Автор. Мне все равно, что пить, лишь бы напиток был полезен для здоровья.
Капитан. Но тогда подумайте о вашей репутации, о вашей славе.
Автор. О моей славе? Я отвечу вам, как один из моих друзей, весьма остроумный, искусный и опытный адвокат, защищавший пресловутого Джема МакКоула, ответил представителям обвинения, ссылавшимся на то, что его клиент отказался отвечать на вопросы, на которые, по их утверждению, всякий человек, дорожащий своей репутацией, ответил бы без всяких колебаний.

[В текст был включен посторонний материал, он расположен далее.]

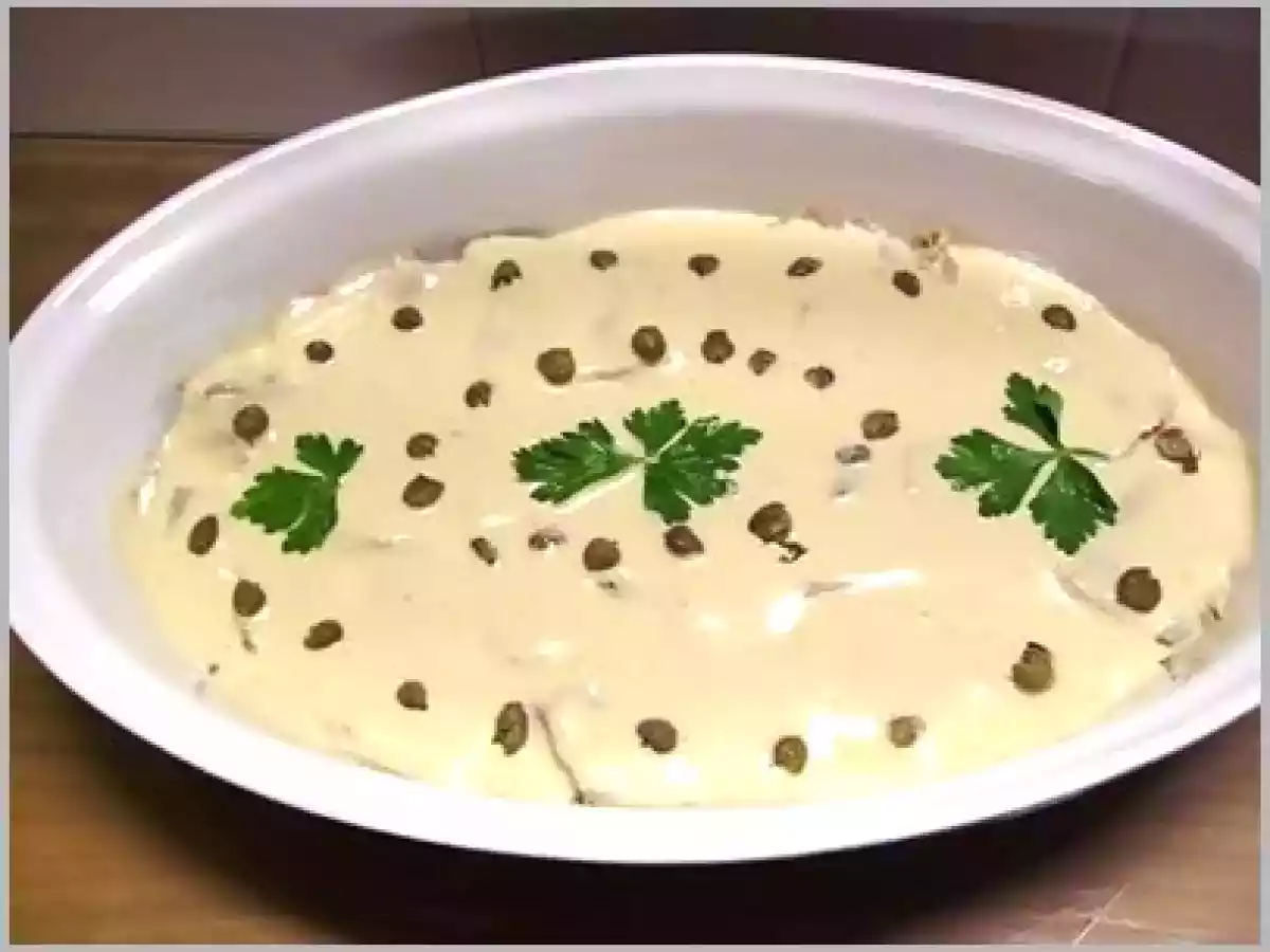 Se vitello tonnato il vitel tonnè, che in italiano diventa il vitello tonnato Portata principalefacile50 min Invia questa ricetta ad un amico Stampa la ricetta Contatta l'autore della Ricetta Pubblica la foto di questa ricetta Ingredienti 4 Per la carne: 1 kg di girello di vitello una cipolla una carota un gambo di sedano uno spicchio d'aglio foglie di prezzemolo alloro rosmarino salvia timo due chiodi di garofano 1-2 bacche di ginepro pepe in grani un litro di vino bianco secco un'acciuga Per la salsa: 4 uova sode 150 g tonno sott'olio mezzo bicchiere olio d?oliva capperi q.b. 3 filetti d'acciuga aceto sale e pepe

«Мой клиент, — сказал он (между прочим, Джем в это время стоял позади него; ну и интересное же это было зрелище!), — так несчастен, что совершенно не дорожит своей репутацией. И я проявил бы величайшую неискренность по отношению к суду, если бы вздумал утверждать, что она заслуживает хоть какого-нибудь внимания с его стороны». И я, хотя по совсем другим причинам, пребываю в таком же блаженном состоянии безразличия, как Джем. Пусть слава следует за теми, кто обладает вещественным обликом. Призрак — а безличный автор нисколько не лучше призрака — не может отбрасывать тень.

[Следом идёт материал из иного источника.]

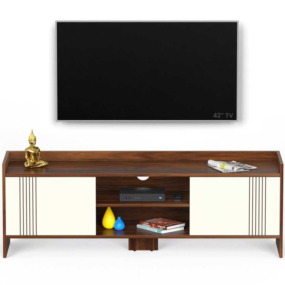 ชั้นวางทีวีชาร์ลีย์สีเมเปิลและสีขาว ดีไซน์หรูหราและมีสไตล์สำหรับทีวีของคุณ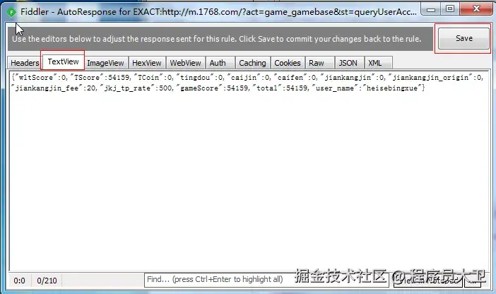 3.切换至 TextView,修改返回内容或响应头,然后点击保存:

Капитан. Быть может, сейчас вы не так уж безличны, как были до сих пор. Эти письма к ученому мужу из Оксфордского университета…

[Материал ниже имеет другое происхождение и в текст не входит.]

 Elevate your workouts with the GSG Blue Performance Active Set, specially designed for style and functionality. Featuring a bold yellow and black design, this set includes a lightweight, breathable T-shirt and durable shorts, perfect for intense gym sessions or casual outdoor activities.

Автор. Покажите остроумие, гений и утонченность автора, которые я от всей души желал бы применить к предмету более важному, и покажите, кроме того, что сохранение моего incognito вовлекло молодой талант в споры по поводу любопытного вопроса о доказательстве. Но какой бы искусной ни была защита дела в суде, это еще не значит, что оно будет выиграно. Быть может, вы помните, что тщательно сплетенная цепь косвенных улик, так искусно поданных с целью доказать, что сэр Филипп Фрэнсис был автором «Писем Юниуса», сначала казалась неопровержимой, но влияние этих рассуждений на умы постепенно ослабело, и Юниус по-прежнему неизвестен широкой публике. Но на этот счет я не скажу больше ни слова, как бы меня ни просили и ни уговаривали. Установить, кем я не являюсь, было бы первым шагом к выяснению того, кто я такой на самом деле; и так как я, точно так же, как некий мировой судья, упомянутый Шенстоном, не имею ни малейшего желания вызывать всякие толки и пересуды, которые обычно сопутствуют таким открытиям, я и впредь буду хранить молчание по поводу предмета, на мой взгляд, совершенно не заслуживающего шума, поднятого вокруг него, и еще более недостойного столь ревностно примененной изобретательности, проявленной юным автором писем.